When first releasing any online video, it is best to make it live (soft launch, push live, etc.) well before you expect the audience to want to watch it. Usually this means at least a few hours before. For web shows targeting North America as a main audience, put the episode up (publicly available and live where you want it to be) at a few minutes after midnight pacific time on the given release day. This accomplishes many things at once, including:
- This is 6 hours before East coast prime time begins (Weekdays 9am-5pm local time) allowing time for people and computers to react to the upload.
- If the video is incomplete, corrupted, or simply not the right video, there are 6 hours to trouble shoot or delete and re-upload before large numbers will begin to try watching the video.
- Titles, descriptions and tags do not always appear on the live site as originally written or intended; these can be checked and rewritten or fixed as needed.
- Many computer systems take time to encode, transcode and syndicate the content. Give them time to finish their work and have the video fully live and available on all platforms before the audience wants to watch.
- Search spiders and third party video search and syndication systems have automated components that need time to discover, process and make useful the information about the video that they discover. Since you can't know every system that may need time to react to your upload, give time for these unknowns to prepare so they can support your show. Make it live early to both give them a chance to respond and give yourself a chance to notice their reaction.

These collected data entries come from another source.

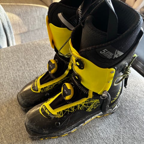 Skistøvler som kan brukes både til alpinanlegg og toppturer. Følger med tunger for bruk til begge formål. Ene er mer stiv enn den andre.
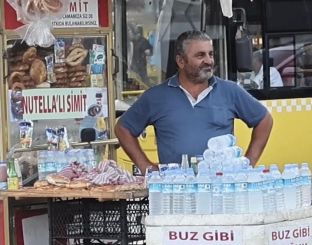 Yaşlı simitçinin kağıtta yazanları okuduktan sonra verdiği tepkileri kayıt altına alan Ünal, görüntüleri sosyal medya hesabında paylaştı.
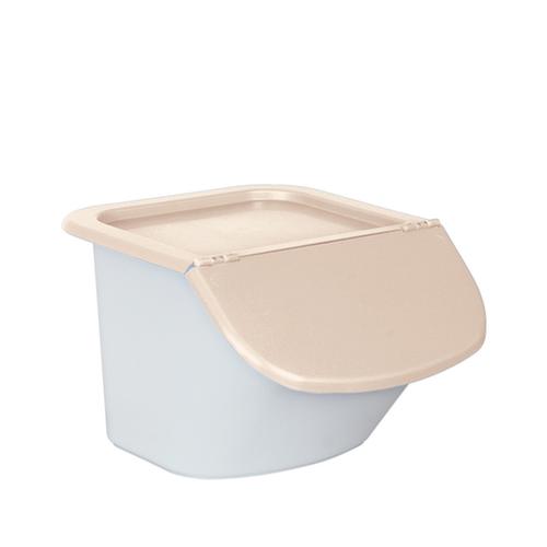 en polypropylène incassable. récipient en blanc et couvercle en beige. parois : surfaces lisses sans soudures pour un nettoyage facile. convient pour pour produits en vrac de toute nature. verrouillable avec couvercle rabattable. Le couvercle peut également être ouvert lorsque plusieurs bacs sont empilés. Le contenu du distributeur peut être facilement prélevé grâce à l’ouverture de prise inclinée. convient pour aliments.
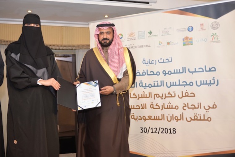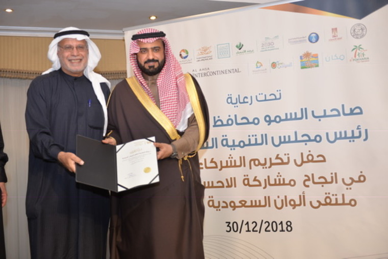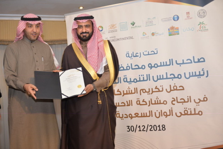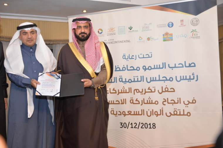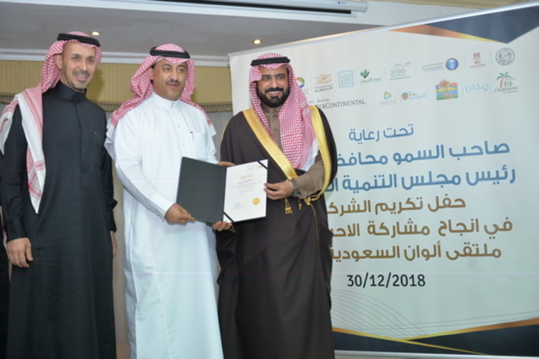 كُرِم شركاء النجاح في ملتقى ألوان السعودية 2018 تحت مظلة مجلس التنمية السياحة بالأحساء ، وذلك بقاعة الاندلس بأحد الفنادق وذلك برعاية محافظ الأحساء الأمير بدر بن جلوي ، وبحضور وكيل المحافظة معاذ الجعفري يوم الأربعاء.
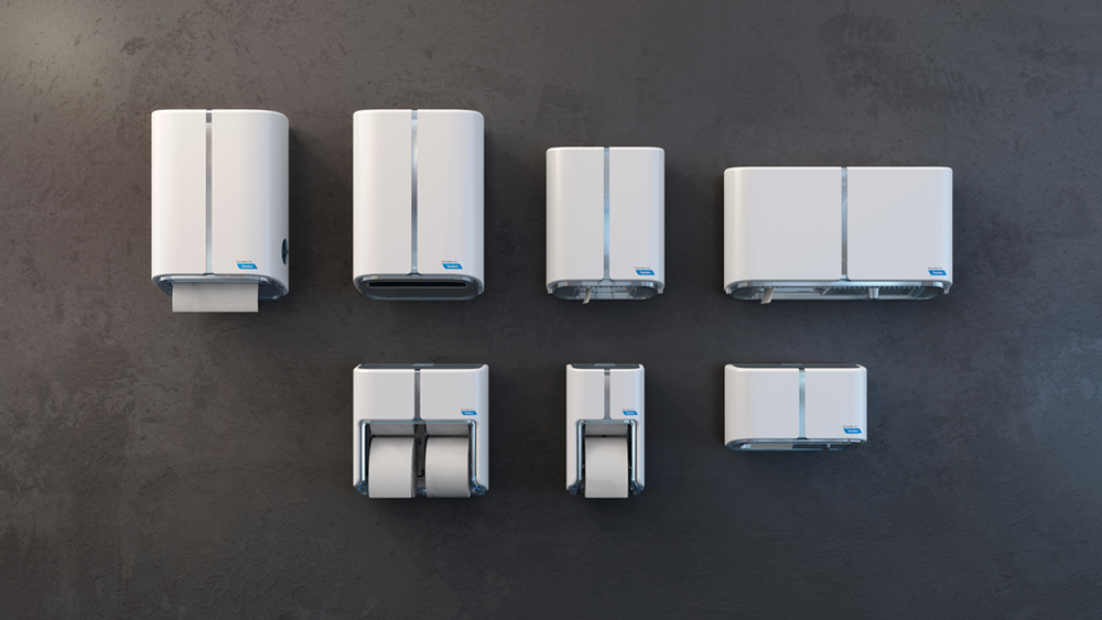 Careful thought was invested in the volumes, textures and colors to convey a sober yet refined appearance that is continued through the complete product line in a cohesive manner. This provides building managers multiples product options to enhance restroom areas.
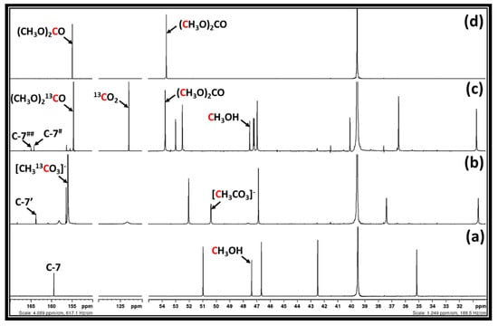 Further, in order to confirm that the captured CO2 during SIL synthesis became a part of DMC, labeled CO2 (i.e., 13C-enriched CO2 (tracer technique)) was used during the two-step DMC synthesis process. The existence of 13C-enriched CO2 in SIL as well as DMC was further confirmed by 13C NMR and HMBC analyses, respectively. As shown in Figure 5b, SIL formed after the reaction of DBU and methanol with 13C-enriched CO2, and the high-intensity peak for the carbonyl carbon in [CH3CO3]− anion was observed at the chemical shift of 154.56 ppm. After an addition of CH3I in the DMSO solution of SIL, the high-intensity peak for the carbonyl carbon atom in DMC was observed, and this was further confirmed with the help of 13C NMR of the commercially available DMC (Figure 5c,d). Being 13C-enriched, the intensities of the peaks for the carbonyl carbon atoms in both [CH3CO3]− and DMC were found significantly higher than the corresponding intensities of the C-7’, C-7#, and C-7## in DBU cations formed in the reaction mixture. On the other hand, as shown in Figure 3, the intensity of the peak for the carbonyl carbon was comparable with the intensities of these sp2-hybridized carbons in the DBU cation when no 13C-enriched CO2 was used. Further, HMBC analysis also revealed that a correlation peak was observed for the protons of the methyl group and 13C-enriched carbonyl carbon atom in DMC (Figure S6a). In addition, due to having a 13C-enriched carbon atom, the doublet peak was observed for the protons for the methyl group in DMC, whereas when no 13C-enriched CO2 was used, a singlet peak was observed for these protons (Figure S6b) [29]. Therefore, these above-mentioned NMR analysis studies revealed that the 13C-enriched CO2 became a part of DMC formed after the reaction of 13CO2 enriched SIL with CH3I. Hence, it can be concluded that DMC can be synthesized from CO2 following a two-step synthetic approach, mentioned in the reaction Scheme 1.
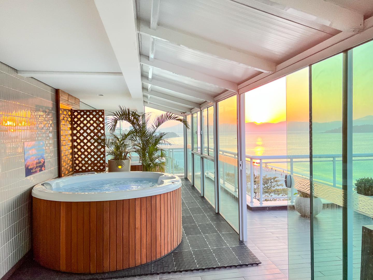 Ar condicionado Secador de cabelo TV a cabo / Smart TV Jacuzzi / Ofurô / Banheira Coberta Frigobar Lareira Máquina de Café Enxoval de Luxo (+ Roupão e Pantufa) Sauna Cozinha Estação de trabalho (mesa e cadeira) Piscina Aquecida ou climatizada Borda Infinita Coberta
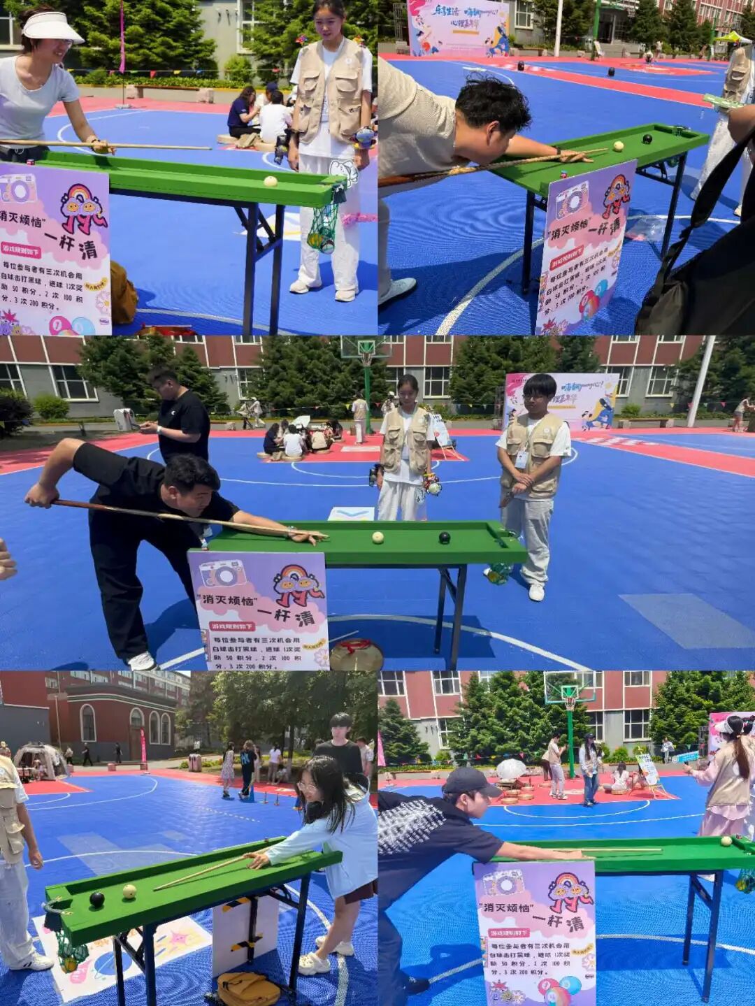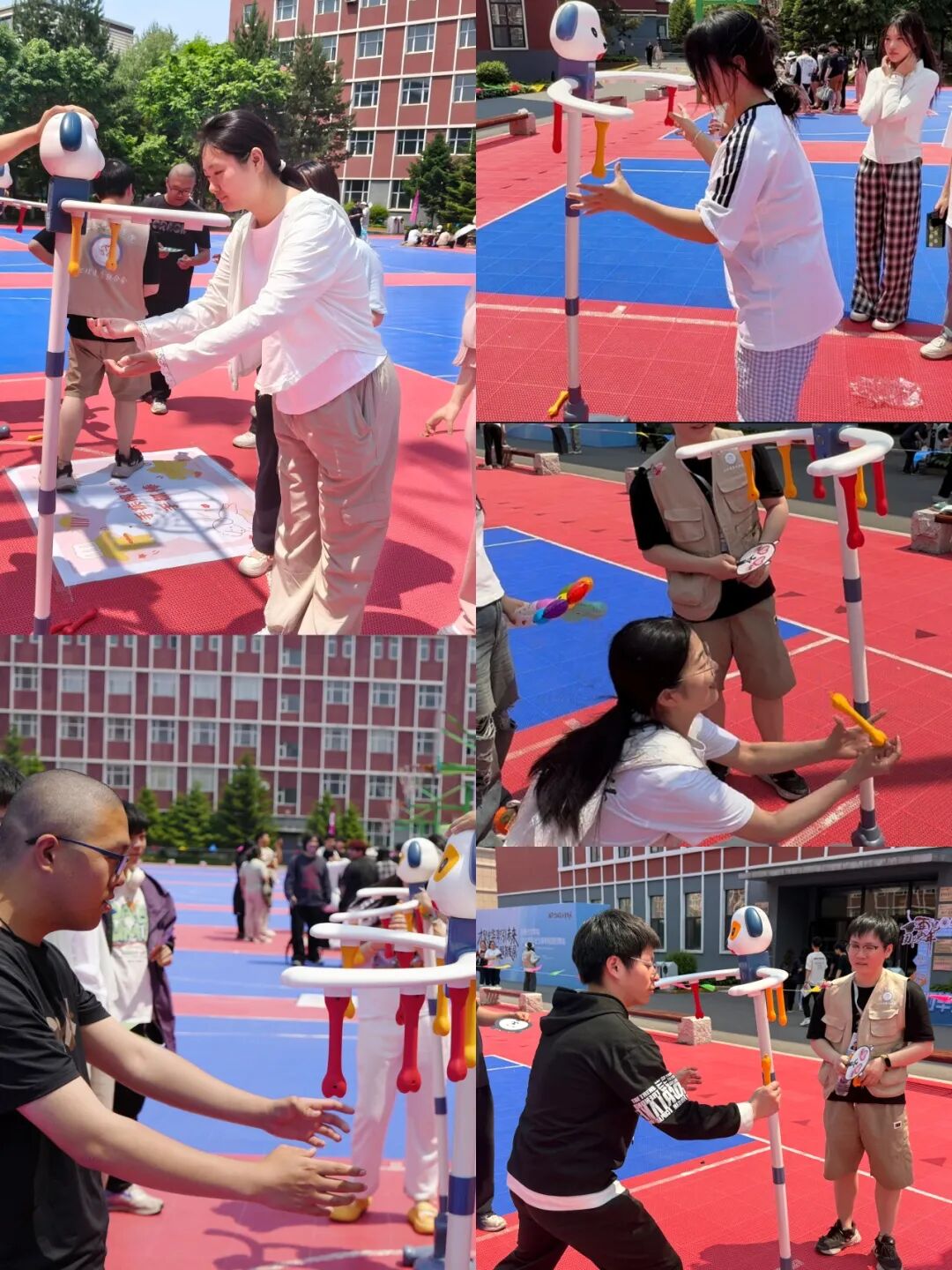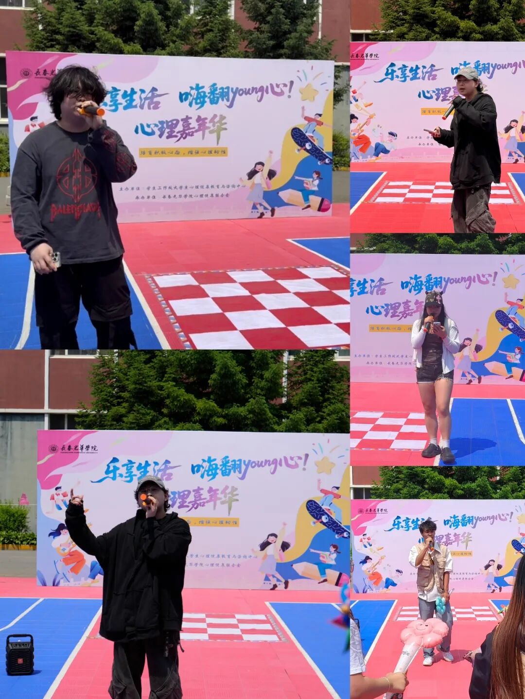 在"手脚并用"跳房子区,同学们灵活跳跃的身影宛如跃动的音符;"寝室团结"接力赛中,室友们默契配合,传递着温暖与信任;"不倒森林"齐眉棍游戏里,团队协作的力量让每一根木棍都稳稳挺立,展现出集体的智慧;"消灭烦恼"一杆清和"手疾眼快"手抓棒前,挑战者们全神贯注,每一次成功都赢得阵阵喝彩;"情绪颜色"涂鸦墙上,五彩斑斓的创意画作诉说着青春的无限可能;"信任之旅"蒙眼挑战中,搭档们用温暖的话语指引方向,"向左一步""放心向前"的鼓励让信任之花美丽绽放。自由K歌角环节更是将气氛推向高潮,一首首充满正能量的歌曲在校园回荡,青春的歌声传递着希望与梦想。
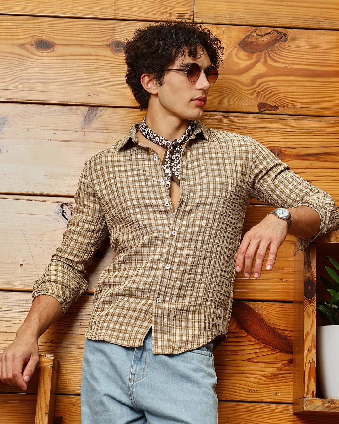 Men's Chocolate Brown Checked Shirt
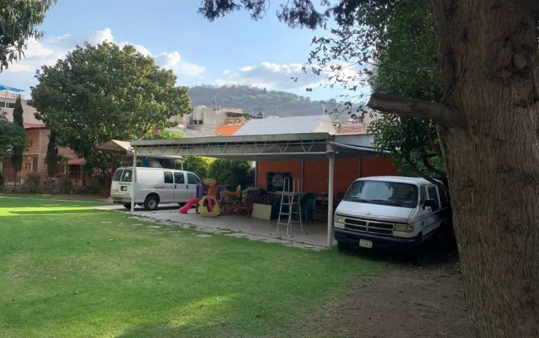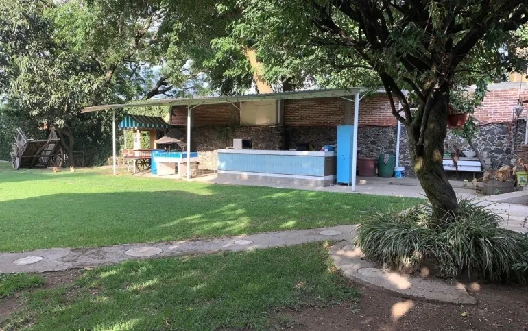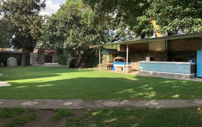 En el fondo cuenta con una construcción base que actualmente se usa como caballerizas.
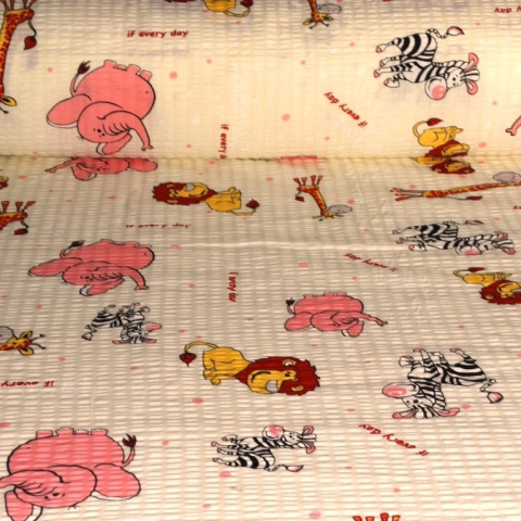 1 kép Crepe ELI, állat mintás, krém-rózsaszín, pamut krepp vászon
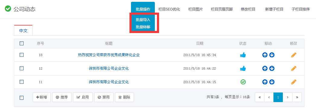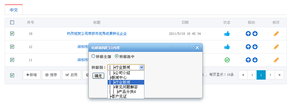 转移栏目:可以批量在新闻版块之间进行信息转移。转移方法如下。
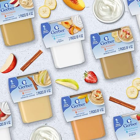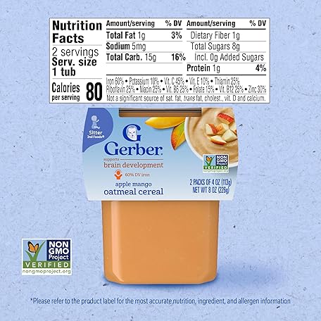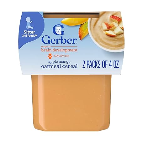 Thông tin sản phẩm Gerber Baby Food 2nd Foods, Mixed Cereal, Apples & Mangos with Rice Cereal Puree, 4 Ounce Tubs, 2-Pack

No two shows are the same and no single formula can address all the unique artistic and business needs, but in all cases: make sure the audience will be able to successfully watch the show how and where they want to before asking them to do so. This means send emails, publish blog posts, micro-blog (e.g., twitter), status update and make all forms of public requests for people to watch only after the video is fully functional and available.
Failing to give adequate time can mean you send audience to watch and they can't. When the audience can't watch what they want where and when they want to, they will blame you (even if it isn't your fault). Simple timing can save some of the disappointment from ever happening.
For example, YouTube needs a non-trivial amount of time to make a video available on cell phones in addition to the time it takes to make it available on the website. If, as I witness many producers doing, you send an email asking people to view your video on YouTube only after the video is live on the website, iPhone users who click on the YouTube link in the email will get a disappointing message telling them the video is not yet available. Rarely will they then make a special effort to seek out the video later or on a computer. Sending the email too soon loses viewers and fans just because it was too soon.
There are many other factors impacting video release and announcement scheduling, but usually doing a soft launch (it's up and works) significantly before a hard launch (hey everybody, come watch!) solves many problems.
Related note: releasing an entire 'season' at once often makes better sense than spreading it out over weeks.